O taxista “uberizado” trabalha quinze horas, sem vínculo, sem direitos trabalhistas, férias, descanso remunerado, tempo para aposentadoria. O governo faz constar estes milhões de trabalhadores “uberizados” como “empregados”. Assim, quando desempregado sai a catar lixo será contado como empregado.
Para este crescente universo de desempregados ou semiocupados, os governos já não planejam mais escola. Eles terão de aprender ciscando com o celular as sobras do saber universal. A escola será mantida para poucos, para exercer funções restritas, altamente remuneradas, a serviço das elites econômicas e políticas. A humanidade ficará órfã do saber. As novas gerações sofrerão a deformação coletiva da “rebarbarização”.
Há cinquenta mil anos os humanos eram o “homo faber”. Animais que sobreviviam caçando, pescando, recolhendo folhas, raízes e frutos. Comunicavam-se através de gritos, assobios, gestos, risos e choro. Lentamente, seu cérebro foi se modificando. Aos poucos aprenderam a comunicar-se pela fala, e mais tarde pela escrita. Surge o “homo sapiens”. Alguns séculos depois ele se torna agricultor. O salto da condição de “homo faber” para a de “homo sapiens” durou dezenas de séculos.
Os humanos deixaram de ser meros bichos para serem animais inteligentes por terem aprendido a falar, a se comunicarem, a escreverem suas ideias, e acumularem o saber de suas experiências. A última geração recebia das anteriores seu legado na forma de saberes e fazeres. Um agricultor, sem ou com pouca escola, dominava as práticas de seus ancestrais.
E chegamos hoje, à era da inteligência artificial, o tempo do “homo digital”. O saber ficará fora do cérebro humano. Será administrado pelas máquinas. Para isso, poucos altamente escolarizados bastarão para desenvolver e aplicar o conhecimento.
É isto o que quis dizer o ministro ao falar do engenheiro taxista.
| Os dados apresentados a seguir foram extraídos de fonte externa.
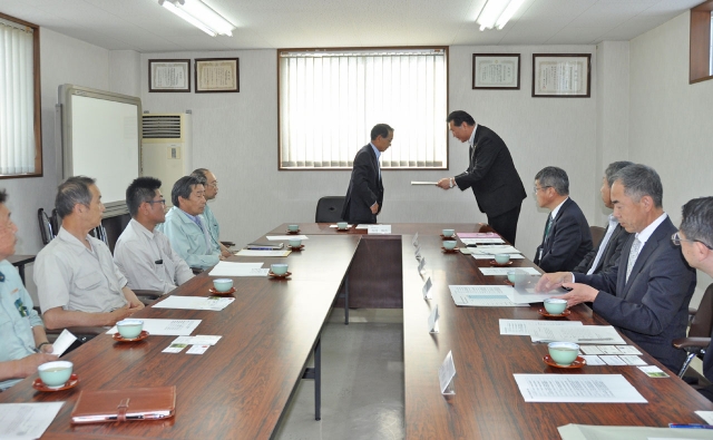 田尻工業団地協同組合の吉村理事長(正面左)に求人の要請書 (2013/06/07)

Ocorre que o saber não foi inventado apenas para agregar valor ao trabalho. O “homo sapiens” é um tipo de animal que necessita visceralmente do saber para ser gente. A Unesco contradiz o ministro ao afirmar que a função da escola é ensinar a pensar, a fazer, a conviver e a ser gente plenamente desenvolvida.
É ideal civilizatório que todos os humanos pudessem conhecer tudo o que se produziu de saber ao longo dos séculos. Seria o “máximo” um taxista exibir diploma de universidade como conquista pessoal. Péssimo, é o engenheiro frustrado ter de sobreviver como taxista.
A “uberização” da vida é o maior risco que a humanidade já enfrentou. Será uma ditadura obscurantista que poderá durar séculos. O “homo digital” é o humano degradado à condição de servir para nada. Talvez seja a última etapa da história do “homo sapiens”.